Background information
- Born: 10 May 1958 (age 68) Cape Town, South Africa
- Genres: Jazz
- Occupation: Musician
- Instruments: Trumpet, flugelhorn

= Claude Deppa =

South African jazz trumpeter (born 1958)

Claude Deppa (born 10 May 1958) is a South African jazz trumpeter born in Cape Town, South Africa, probably best known for his work with the Brotherhood of Breath and Carla Bley.

==Early life==
Claude Deppa was born in Cape Town, South Africa, and moved with his family to England in 1974. Having learned drums as a child, he focused on trumpet and the flugelhorn when at secondary school in the UK.

== Music career ==
Deppa began his professional career as a member of Dave Holdsworth’s quartet and also played with a band led by Johnny Mbizo Dyani. He was a founding member of the Jazz Warriors in London. He joined Grand Union Orchestra in 1984 and has been a prominent member of the group led by Tony Haynes for over 30 years.

Deppa has played and recorded with a wide variety of international jazz talent, including Art Blakey, Carla Bley’s big band, Chris McGregor’s Brotherhood Of Breath, Miriam Makeba, Louis Moholo, Evan Parker, Courtney Pine’s Jazz Warriors, and Andy Sheppard’s Big Co-Motion.

As bandleader, Deppa has performed with, directed and composed for African Jazz Explosion, Horns Unlimited and Five Funky Fellas. Together with saxophonist Clare Hirst, Deppa performs and composes for the Deppa Hirst Band, who have appeared live at jazz festivals in Marlborough, Ipswich and Swanage.

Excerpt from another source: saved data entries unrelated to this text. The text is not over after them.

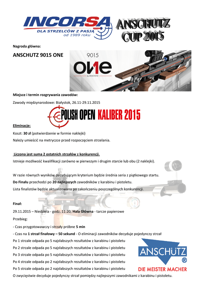 Nagroda główna: ANSCHUTZ 9015 ONE Miejsce i termin rozgrywania zawodów: Zawody międzynarodowe: Białystok, 26.11-29.11.2015 Eliminacje: Koszt: 30 zł (potwierdzenie w formie naklejki) Należy umieścić na metryczce przed rozpoczęciem strzelania. Liczona jest suma 2 ostatnich strzałów z konkurencji. Istnieje możliwość kwalifikacji zarówno w pierwszym i drugim starcie lub obu (2 naklejki). W razie równych wyników decydującym kryterium będzie średnia seria z piątkowego startu. Do Finału przechodzi po 20 najlepszych zawodników z karabinu i pistoletu. Lista finalistów będzie aktualizowana po zakończeniu poszczególnych konkurencji. Finał: 29.11.2015 – Niedziela - godz. 11:20, Hala Główna - tarcze papierowe Przebieg: - Czas przygotowawczy i strzały próbne 5 min - Czas na 1 strzał finałowy – 50 sekund - O eliminacji zawodników decyduje pojedynczy strzał Po 1 strzale odpada po 5 najsłabszych rezultatów z karabinu i pistoletu Po 2 strzale odpada po 5 najsłabszych rezultatów z karabinu i pistoletu Po 3 strzale odpada po 5 najsłabszych rezultatów z karabinu i pistoletu Po 4 strzale odpada po 2 najsłabszych rezultatów z karabinu i pistoletu Po 5 strzale odpada po 2 najsłabszych rezultatów z karabinu i pistoletu O zwycięstwie decyduje pojedynczy strzał pomiędzy najlepszymi zawodnikami z karabinu i pistoletu.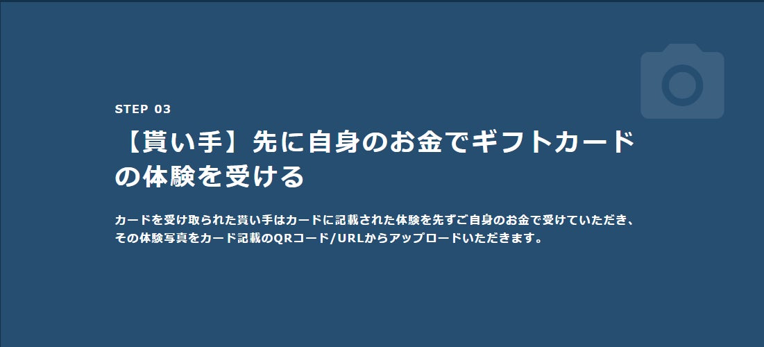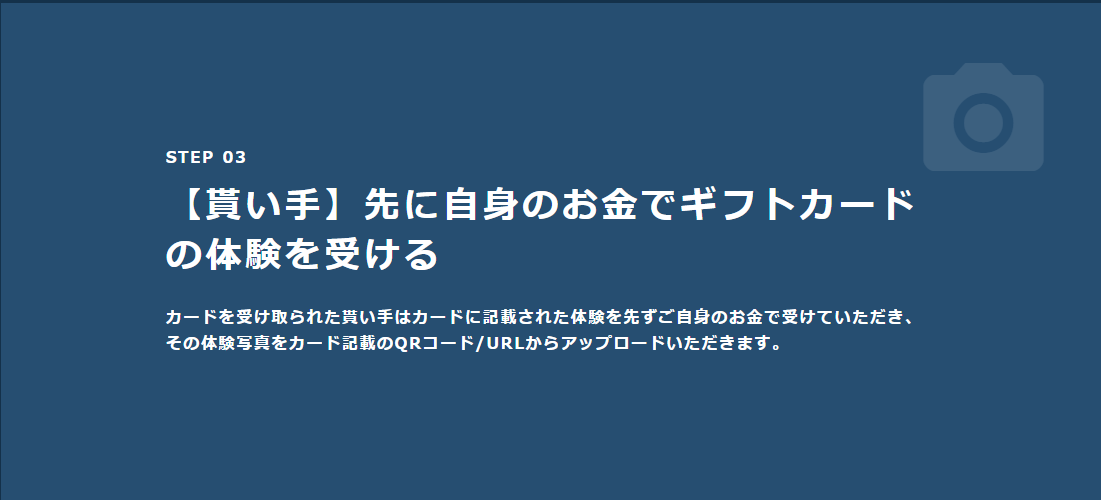体験写真をギフトカード上のQRコード/URLからアップロードすることにより、事前に贈り手が支払ったギフトカード金額が貰い手に入金されます。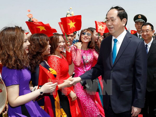 Trưa 11/5, Chủ tịch nước Trần Đại Quang và Phu nhân cùng Đoàn đại biểu cấp cao Nhà nước Việt Nam đến Thủ đô Bắc Kinh, bắt đầu chuyến thăm cấp Nhà nước tới Cộng hòa Nhân dân Trung Hoa.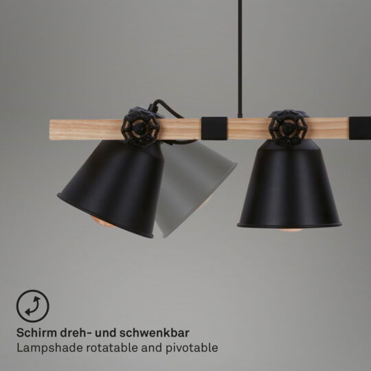 Pendellampen har fire drejelige spots i matsort metal, som kan rettes individuelt ved hjælp af små drejeknapper i antik stil. Denne fleksibilitet gør det muligt at skabe præcis den belysning, du ønsker – uanset om det er til hyggelige aftener, funktionelt arbejdslys eller stemningsfuld baggrundsbelysning.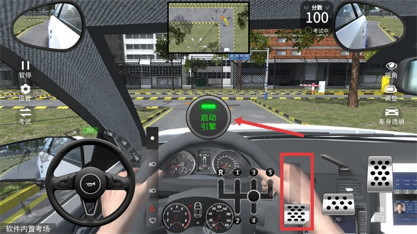 1、我们先向下滑动【离合】,接着点击【启动引擎】,以此开启驾考模拟的驾驶流程。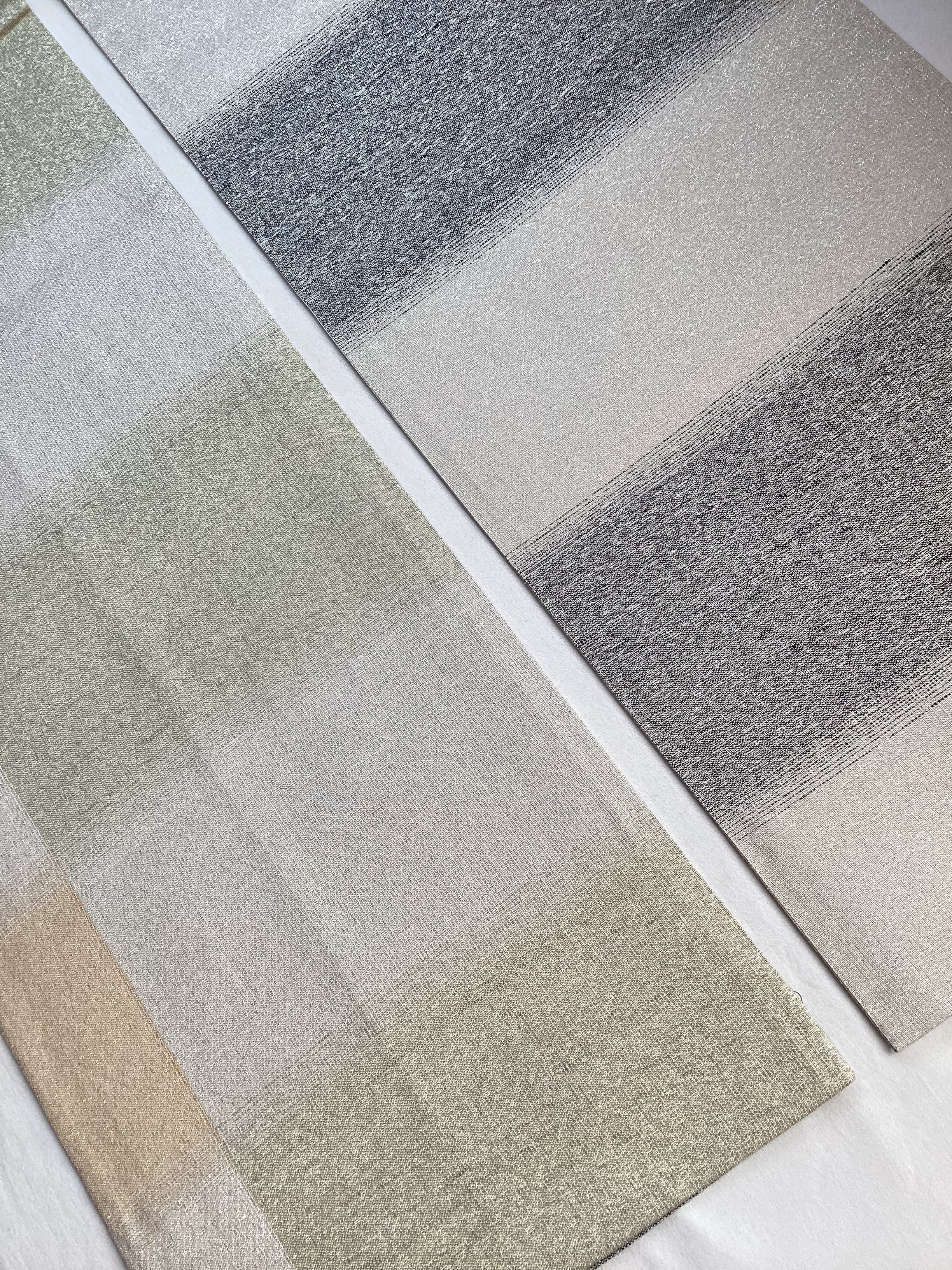 金銀糸が織り込まれた横段文用の全通の袋帯です。銘に【月光のしらべ】と名付けられているように、柔らかで幻想的なお月さまの光がさしたように、キラキラと静かに光ります。両面使い出来るので、コーディネートの巾が広く、派手になり過ぎず、きものにさりげなく馴染んで、控えめな華やかさを添えてくれる袋帯です。軽くて柔らかな生地感です。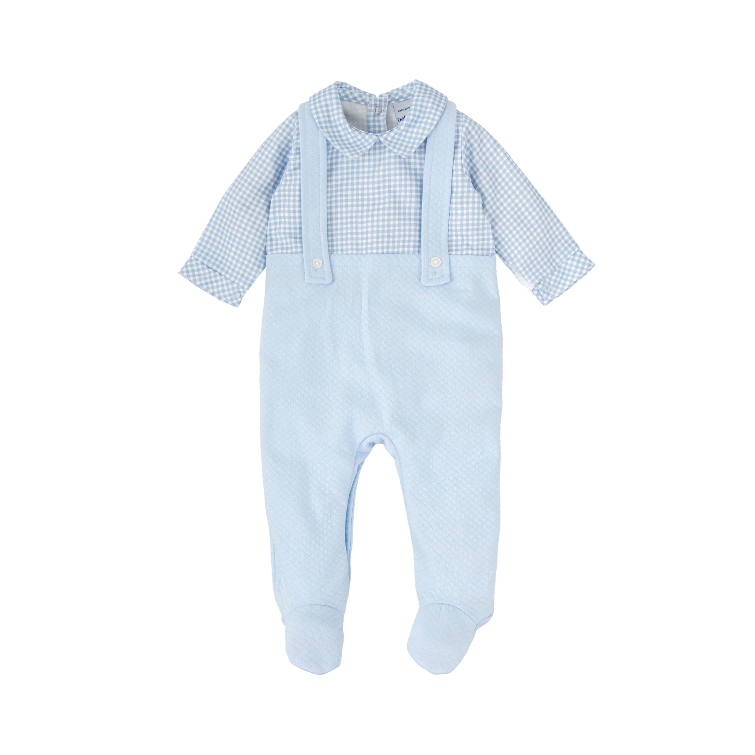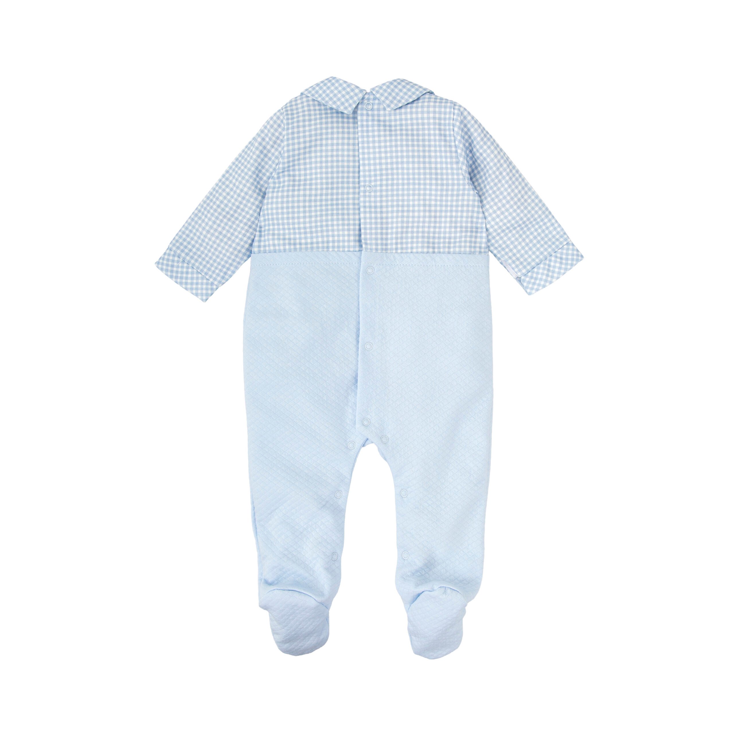 Babidu Blue Cotton Babygrow with Gingham Trim

He leads the brass and woodwind section of Kinetica Bloco, a project that celebrates the music of the African diaspora with themed summer schools and performances.

==Discography==
- The Song of Many Tongues - Grand Union Orchestra (RedGold Records, 1986)
- Out Of Many, One People - Jazz Warriors (Antilles, 1987)
- Country Cooking - Chris McGregor's Brotherhood of Breath (Venture, 1988)
- Louis Moholo's Viva La Black (Ogun, 1988)
- Freedom Calls - Grand Union Orchestra (RedGold Records, 1989)
- Welela - Miriam Makeba (Polydor, 1989)
- Soft On The Inside - Andy Sheppard (Island Records, 1990)
- In Co-Motion - Andy Sheppard (Antilles, 1991)
- The Very Big Carla Bley Band - Carla Bley (WATT, 1991)
- Rhythm Method - Andy Sheppard (Blue Note International, 1993)
- Delivery Suite - Andy Sheppard (Blue Note International, 1993)
- Big Band Theory - Carla Bley (WATT, 1993)
- The Rhythm of Tides - Grand Union Orchestra (RedGold Records, 1997)
- Toi Toi (Jika Records, 2003)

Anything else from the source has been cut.